Cool slightly and add 1 or 2 more
tablespoons of olive oil. Stir in chopped mint, parsley, chives or shallot and cheese,
if using. Add salt and pepper to taste.
Serve warm, chilled or at room
temperature.
MIRIAM
MARGULIES’ SWEET AND SOUR RED CABBAGE
This
is from RECIPES REMEMBERED. The
author of this recipe lived in Austria under Nazi rule until 1940, when an
uncle managed to get papers to bring her (then 10 years old) and her mother to
America. They settled in the German Jewish community of Washington Heights, New
York, where Miriam did much of the cooking while her mother worked. This story
ends happily with a reunion with her father after the war. She is now the
mother of two with seven grandchildren and a great-grandchild!

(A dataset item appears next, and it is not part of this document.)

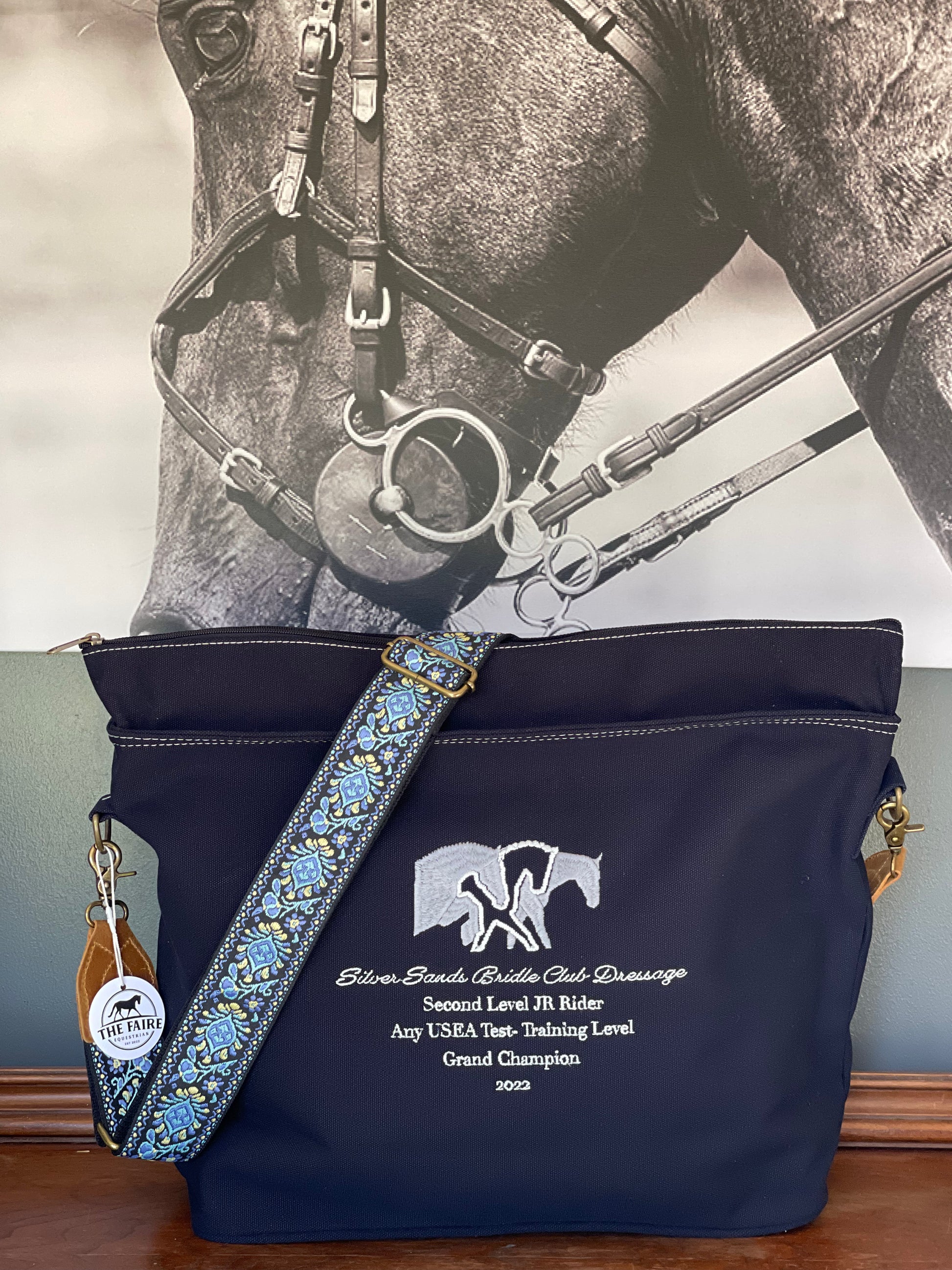 Gorgeous Navy Ringside tote- will be custom with your logo or horses name. Please email thefaireequestrian@gmail.com with your farm logo or information.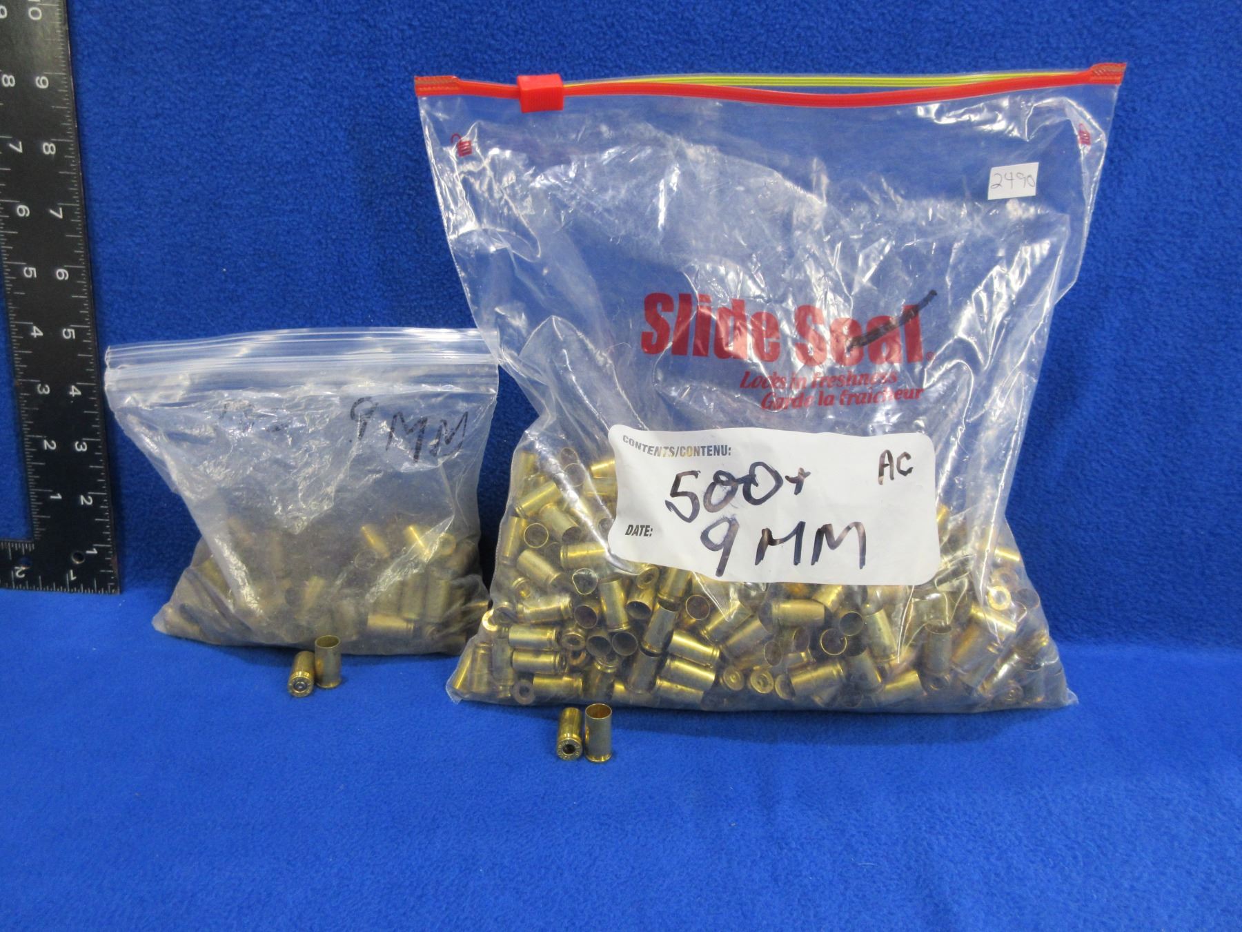 Brass Only - 9MM Luger Unprimed and Deprimed - Bag of Approx. 500 (Deprimed), Bag of Approx. 100 (Not Deprimed)

This dish is also good hot or cold. Hot,
it would be a good accompaniment to a brisket and would certainly add color to
a Seder table. You can double the recipe with confidence that it will keep for
at least 5 days in the fridge. Larry and I enjoyed the cold cabbage leftovers
from my trial run on a roast beef sandwich on home-made rye bread!
Makes 4 to 5 C
1
large onion, peeled and sliced
2
TBSP vegetable oil
1
small head red cabbage (about 1 lb), cored and shredded (about 4 C)*
¼
C water
1
tsp. all-purpose flour OR matzah cake meal
¼
C apple cider vinegar
¼
C sugar
Salt
and freshly ground pepper
Heat the oil in a large skillet over low
heat. Add the onions and cook, stirring occasionally, until soft, about 15
minutes. (You can shred the cabbage while the onions are cooking.) Add the
cabbage and water to the softened onions and cover the pan; cook over low heat
for about 15 minutes, until the cabbage is soft and wilted. Mix in the flour or
cake meal, vinegar and sugar and cook for two more minutes until all is well
combined. (Enjoy the change in color caused by the vinegar!) Season to taste
with salt and pepper; add vinegar or sugar for desired sweet and sour balance. Serve
hot or cold.
*Packaged
shredded red cabbage is available where fresh produce is sold in grocery
stores. It works well in this recipe and is a time- and mess-saver!